Preferably, the causal path constraint in step S11 refers to determining the variable X by prior knowledge i And X j With or without direct causal relationship between them, i.e. constraining causal graph node X i And X j The presence or absence of edges in between; causal directional constraint refers to the determination of a variable X from prior knowledge i Is to cause a variable X j Cause, i.e. constraining causal graph node X i Is X j The ancestor node of (c); the added known causal relationship can suppress errors generated by the data driven causal discovery algorithm, and improve the reliability of the result.
Preferably, the PC algorithm is adopted as the constraint-based cause and effect discovery algorithm in step S13, and finally, a cause and effect relationship graph of the monitoring variables of the high-speed rail brake system is obtained as shown in fig. 4.
TABLE 1 establishment of causal path constraints and causal direction constraints using known causal relationships
S2: the method for extracting and learning the node characteristics of the causal graph obtained in the step 4 by using the proposed causal graph attention neural network specifically comprises the following substeps:
s21: an attention coefficient based on the causal relationship is calculated.
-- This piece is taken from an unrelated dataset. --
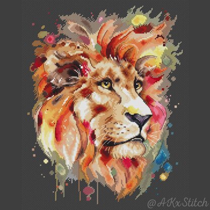 Watercolour Majestic Leo the Lion Cross Stitch. Bright Bold and Colourful Handmade gift idea for Leo, birthday present for Dad, Uncle or Father-in-Law. Fun and easy to follow embroidery chart.\n\nSize: 48 x 60 stitches\nStitched on Aida 14 count: 8w x 11h cm (3 x 4 in)\nDMC Threads: 5 solid colours (no blends)\nUsed stitches: full cross stitch, backstitch\nSkill level: Easy / Beginner\nStitch time: 3-5h\n\nCross stitch pattern in PDF, Instant Digital Download includes: 1) cover page with preview; 2) instructions, symbols key and shopping list (DMC thread colour numbers and estimates, as well as fabric options); 3) two black and white charts, with and without backstitch; 4) two colour charts, with and without backstitch; 5) single page PDF for Pattern Keeper (available on request).\n\nPlease note: This pattern is for personal use only - not for commercial use. You can't make copies of our charts to distribute (either as PDF or printed versions) but you can definitely sell your finished cross stitch work.

Input characteristics of each nodeBy trainable parameters W ∈ R 2×1 Transforming the data into 2-dimensional vectors, applying an attention mechanism to each causal node pair (father-son node pair or cause-effect variable pair), and obtaining a causal inter-pair attention coefficient through a nonlinear activation function and normalization, wherein X is shown as formula (1) j ∈X Pa(i) Representing child node X i The parent node of (1), wherein | represents the characteristic splicing operation, leakyReLU is a nonlinear activation function, and the calculation is shown as the formula (2); for a node without a parent node, namely X36, the attention coefficient is defined as a 36,j =0 (j ≠ 36) and a 36,36 =1。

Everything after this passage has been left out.